_What is required_
Give back exactly the lines from the start of the entries below to the line holding "Bracelet cuir tressé", that line included, and leave every picture out.

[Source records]
*-*-*

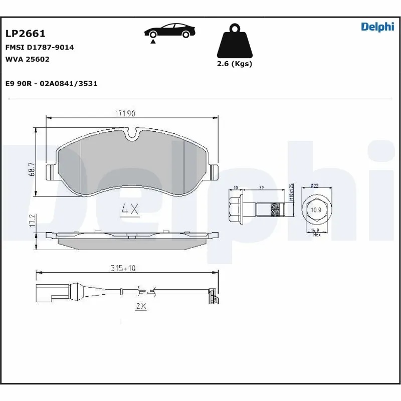 LP2661 DELPHI Колодки передние FORD TRANSIT CUSTOM 2.2TDCi 12/12- LP2661
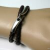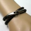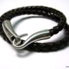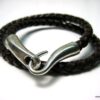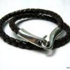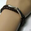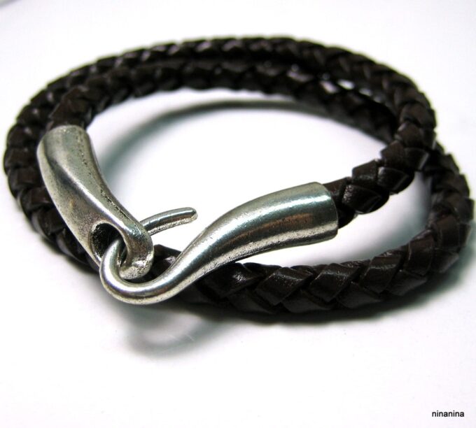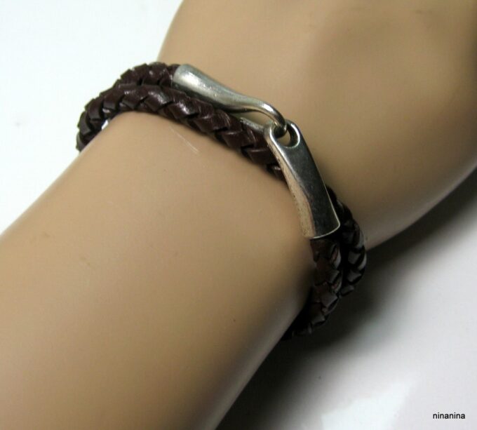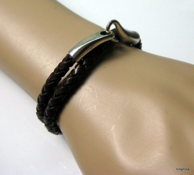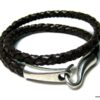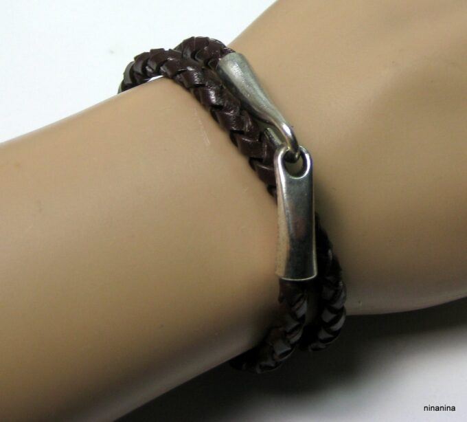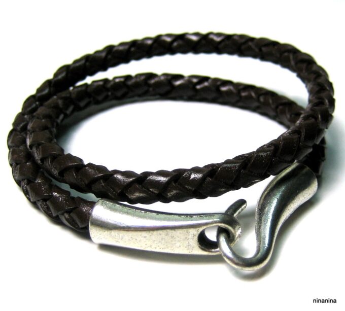Bracelet cuir tressé 2 tours composé d’un cordon de cuir tressé noir à enrouler autour du poignet, monté sur un fermoir crochet en métal argenté. Diamètre du cordon : 0,5 cm. Existe aussi en marron chocolat et naturel. Longueur : 41 cm (homme) et 38 cm (femme). TOUTE AUTRE LONGUEUR POSSIBLE – longueur souhaitée à indiquer en commentaire. Livré dans sa pochette d’organza. Bijou 100% fait-main
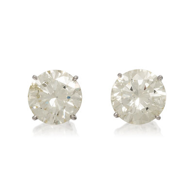Set with round diamonds weighing 6.61 and 6.52 carats. Mounted in platinum. 1/2 inch long.
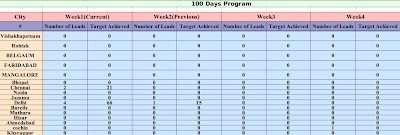 3.100 Days Program Achievement – This report provides the details about the targets achieved across the past 100 days ( ie. 15 weeks) as a total and broken across important cities.
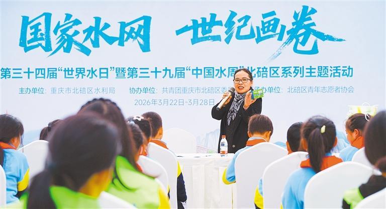 2026年3月22日是第34届“世界水日”,3月22日至28日是第39届“中国水周”,今年“中国水周”的主题为“国家水网 世纪画卷”。图为3月18日,专家在重庆市北碚区举办的“中国水周”活动中宣讲节水护水知识。秦廷富摄(中经视觉)
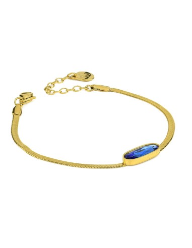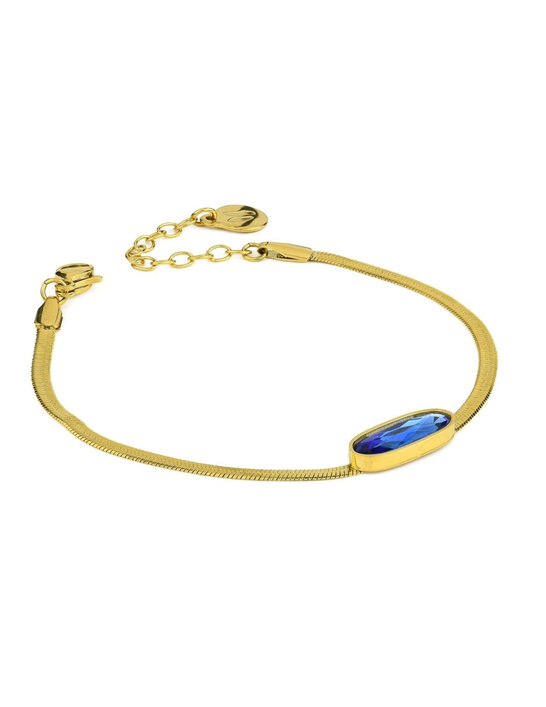Il bracciale morbido placcato oro della collezione Jolie unisce raffinatezza e praticità, perfetto per chi ama un gioiello versatile da indossare ogni giorno. Realizzato in acciaio placcato oro giallo, il bracciale presenta una maglia piatta sottile e un cristallo centrale sfaccettato, disponibile in diverse tonalità: acquamarina, bianco, verde, blu, rosa e viola.
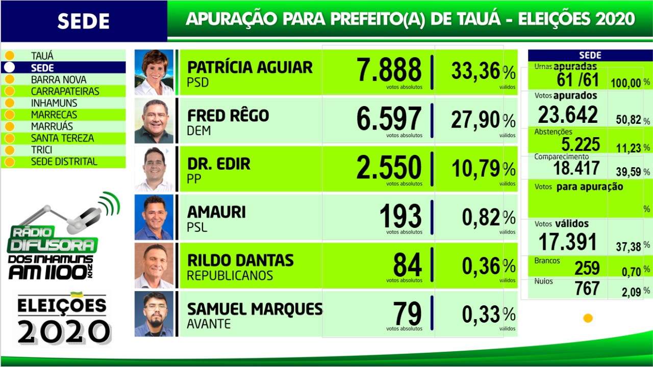 Confira os resultados da apuração das eleições para Prefeito de Tauá por distrito na apuração paralela realizada pela Rádio Difusora dos Inhamuns, ressaltando que podem ocorrer pequenas alterações em relação ao resultado oficial do TRE, mas que não influem no resultado geral.
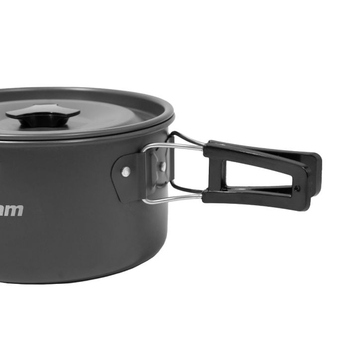 Set posode za kuhanje na prostem je nepogrešljiv del opreme, ki ne sme manjkati na nobenem daljšem pohodu. Vključuje čajnik, ponev in lonec, tako da lahko na prostem pripravite jajca, pogrejete ali skuhate hranljiv obrok za obnovo energije po pohodu in na koncu vse skupaj poplaknete z vročim čajem. S tem kompletom bosta kampiranje in pohodništvo postala še prijetnejša.
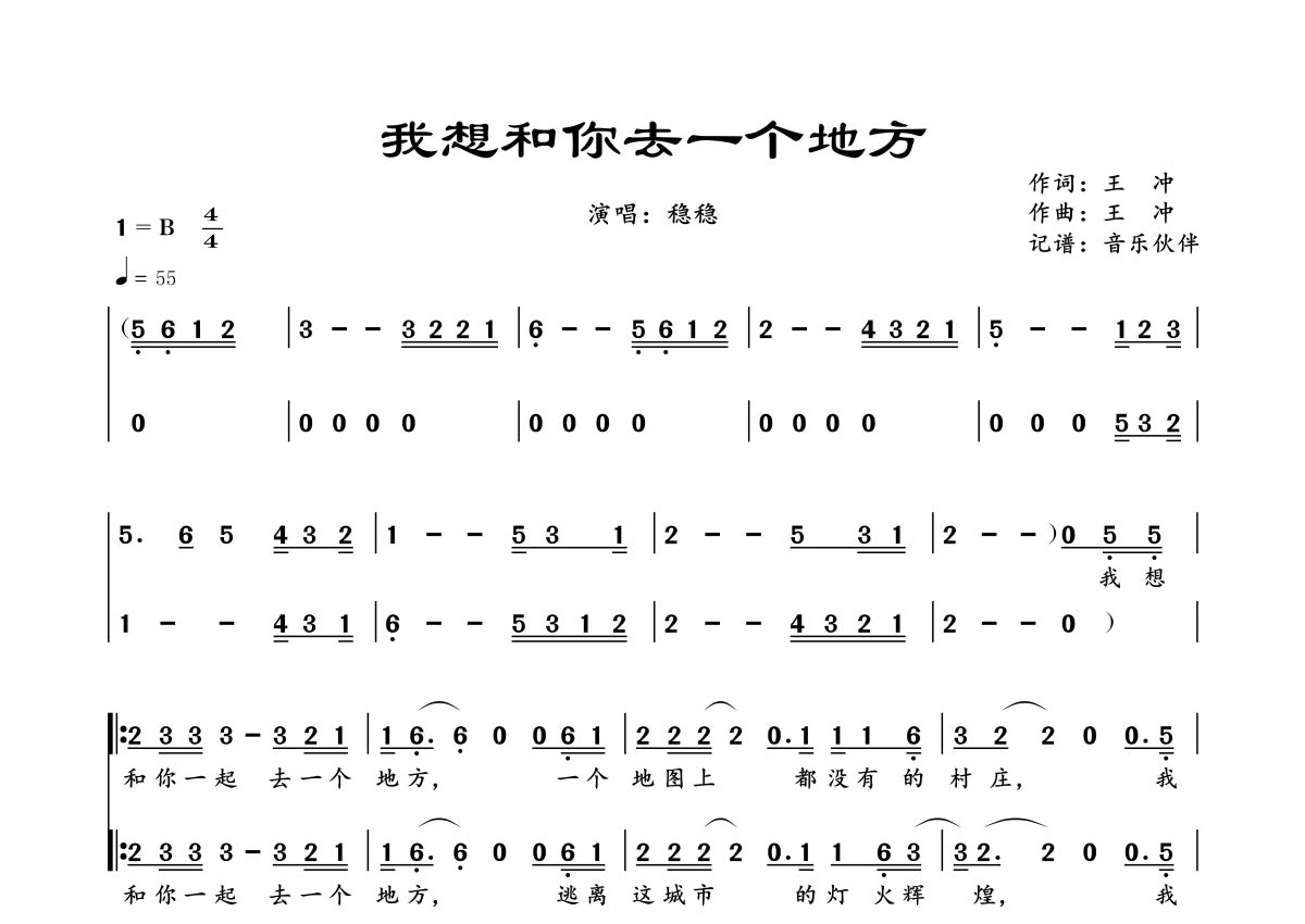 曲谱介绍: 稳稳《我想和你去一个地方》,音乐伙伴编配出品,共有2张高清图谱,免翻页排版设计。

*-*-*

_Written solution_
 LP2661 DELPHI Колодки передние FORD TRANSIT CUSTOM 2.2TDCi 12/12- LP2661
Bracelet cuir tressé 2 tours composé d’un cordon de cuir tressé noir à enrouler autour du poignet, monté sur un fermoir crochet en métal argenté. Diamètre du cordon : 0,5 cm. Existe aussi en marron chocolat et naturel. Longueur : 41 cm (homme) et 38 cm (femme). TOUTE AUTRE LONGUEUR POSSIBLE – longueur souhaitée à indiquer en commentaire. Livré dans sa pochette d’organza. Bijou 100% fait-main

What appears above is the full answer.